PTX code Interoperation between CUDA and OpenCL

Hi everyone, I am considering inter-operation between CUDA PTX code and OpenCL PTX code. I think it will work in theory. However, I came across some problems when doing experiments in practice.

I use “transpose” in both CUDA and OpenCL. The signature of native kernel is listed as follows:

void transpose_native(const __global datatype * imatrix,
const int w,
const int h,
__global datatype * omatrix)

After front-end compiling, we get the PTX codes of

.entry _Z16transpose_nativeIfEvPKT_iiPS0_ (
    .param .u64 __cudaparm__Z16transpose_nativeIfEvPKT_iiPS0__imatrix,
    .param .s32 __cudaparm__Z16transpose_nativeIfEvPKT_iiPS0__w,
    .param .s32 __cudaparm__Z16transpose_nativeIfEvPKT_iiPS0__h,
    .param .u64 __cudaparm__Z16transpose_nativeIfEvPKT_iiPS0__omatrix)


.entry transpose_native(
.param .u32 .ptr .global .align 4 transpose_native_param_0,
.param .u32 transpose_native_param_1,
.param .u32 transpose_native_param_2,
.param .u32 .ptr .global .align 4 transpose_native_param_3)

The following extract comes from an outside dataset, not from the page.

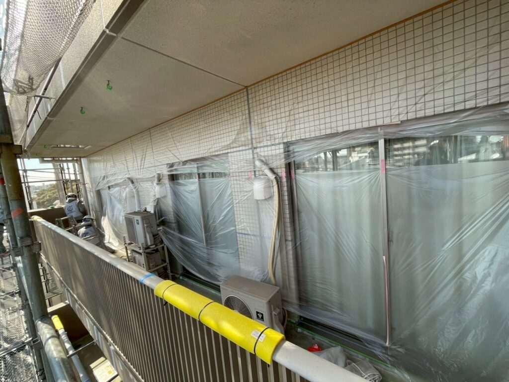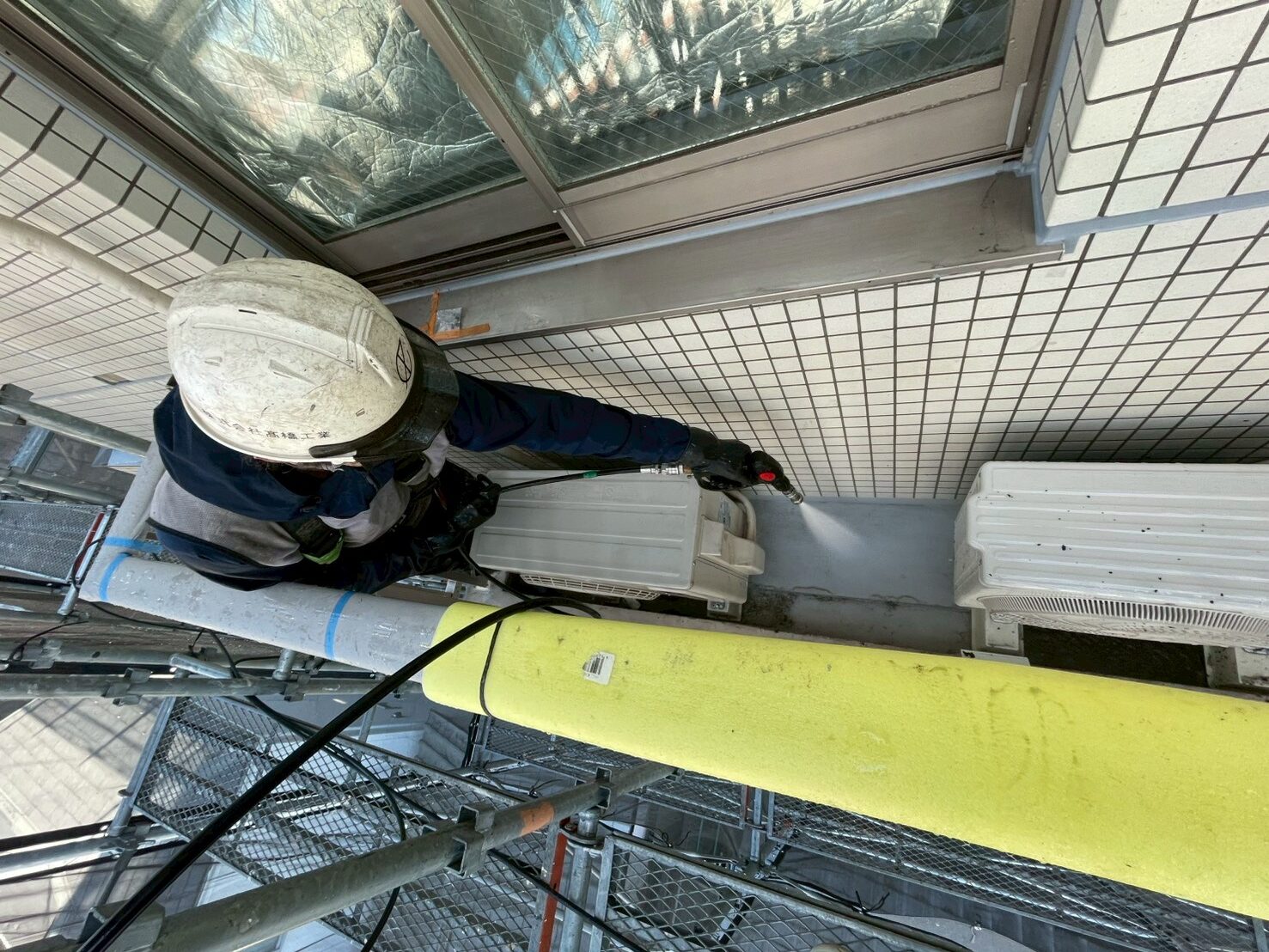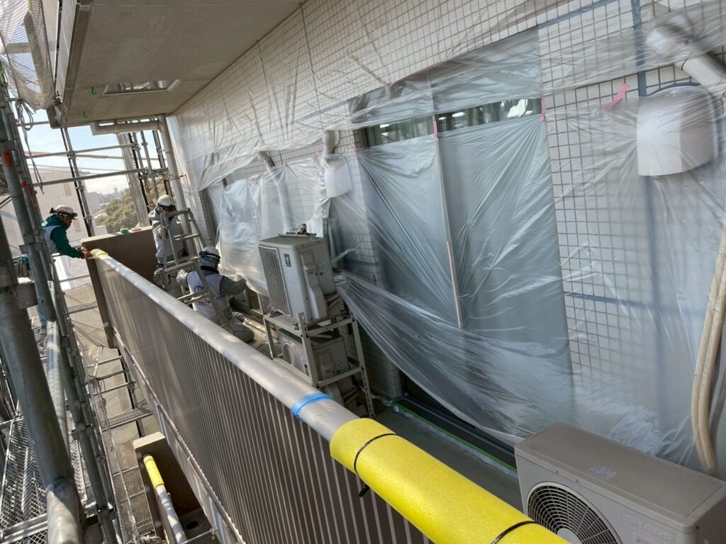 3月11日 (水) 作業状況 2026.03.17 目次 塗装工事洗浄工事3月12日 (木) 予定 塗装工事 B棟5号室の養生と下塗り工事 バルコニーは週末に使用できない部屋を減らすために、B棟は5号室を完了してから6号室~8号室の作業をします。 洗浄工事 A棟のタイル面洗浄、サービスバルコニーの高圧洗浄工事をしました。 3日間にわたり洗浄工事のご協力ありがとうございました。 3月12日 (木) 予定 ・止水工事 ・塗装工事 ・防水工事

When I use the OpenCL PTX code as the input of “clCreateProgramWithBinary”, it can compile, run correctly and finally get a correct result.

When I use the CUDA PTX code as its input, it can also compile correctly and create a kernel object when running. But when it runs into function “clEnqueueNDRange” (I use “clWaitForEvents” in it) , it shows “CL_OUT_OF_RESOURCES”. Could anyone tell me the reason?

thanks in advance…

I’m a beginner in CUDA and OpenCL.
Can you tell me how to obtain PTX code for openCL and CUDA code??
Thanks in advance

Use nvcc compiler to get ptx code.

From the looks of it name-mangling is hapen in the code above. This can be avoided with “extern c { …kernel code… }”

The parameters in the code above seems to be 64 bit, this might be because of nvcc -machine 64, try changing it to -machine 32 or so… or try adding it.

Maybe that will solve the out of resources problem.

Perhaps post some more code, perhaps code is using too many registers or so…